Required action:
Exact reproduction of the data is required, with images excluded.

Given data:
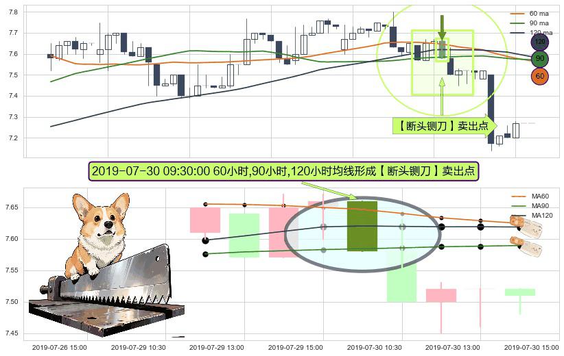 形态多维评估: ⚀ 2019-07-30 09:30:00小时显现 60小时-90小时-120小时均线 【断头铡刀】卖出点 看空信号,后市看跌,卖出
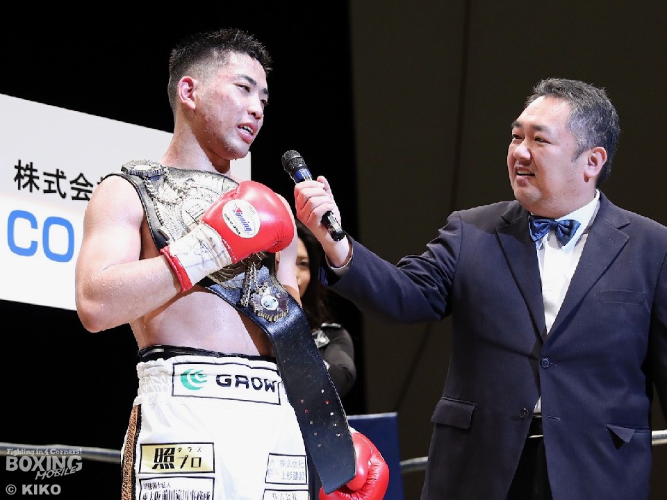 試合後、「6ラウンドからは、倒すのを諦めて戦った」と作戦を変更して、初防衛に成功した国本は、「知らない選手と韓国でもスパーリングをしてきたことが自信につながった」と、心が折れそうになった一進一退の攻防を振り返った。
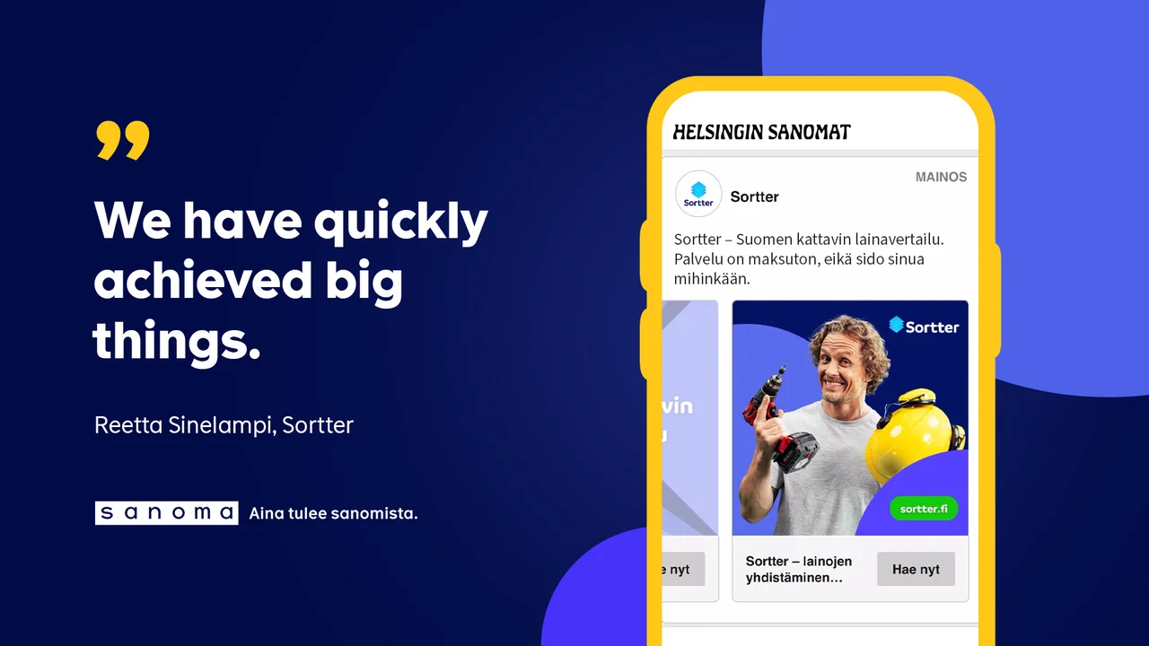 Founded in 2018, Sortter has rapidly grown into Finland’s leading loan comparison service. The company’s success is no coincidence but the result of determined and innovative marketing. Reetta Sinelampi, Sortter’s Director of Business and Development, says that working with Sanoma has played a decisive role in building the brand and increasing awareness.
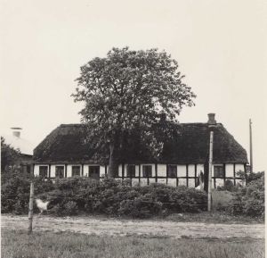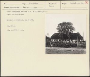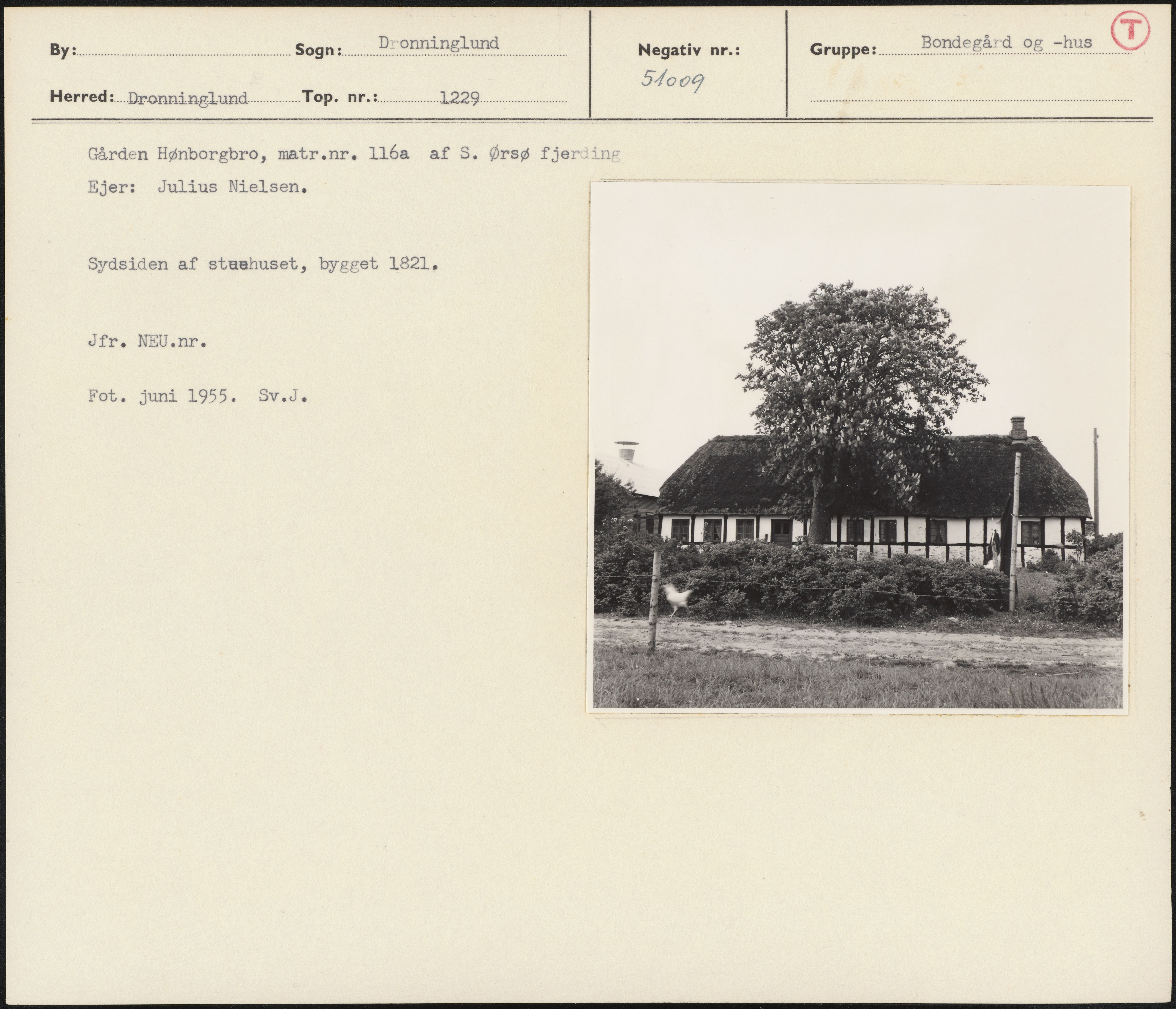 Maskingenkendt tekst fra arkivkort. Gården Hønborgbro, matr.nr. 116a af S. Ørsø fjerding Ejer: Julius Nielsen. Sydsiden af stuahuset, bygget 1821, Jfr. NEU.nr. Fot. juni 1955. Sv.Jd.

Solution:
 形态多维评估: ⚀ 2019-07-30 09:30:00小时显现 60小时-90小时-120小时均线 【断头铡刀】卖出点 看空信号,后市看跌,卖出
 試合後、「6ラウンドからは、倒すのを諦めて戦った」と作戦を変更して、初防衛に成功した国本は、「知らない選手と韓国でもスパーリングをしてきたことが自信につながった」と、心が折れそうになった一進一退の攻防を振り返った。
 Founded in 2018, Sortter has rapidly grown into Finland’s leading loan comparison service. The company’s success is no coincidence but the result of determined and innovative marketing. Reetta Sinelampi, Sortter’s Director of Business and Development, says that working with Sanoma has played a decisive role in building the brand and increasing awareness.
 Maskingenkendt tekst fra arkivkort. Gården Hønborgbro, matr.nr. 116a af S. Ørsø fjerding Ejer: Julius Nielsen. Sydsiden af stuahuset, bygget 1821, Jfr. NEU.nr. Fot. juni 1955. Sv.Jd.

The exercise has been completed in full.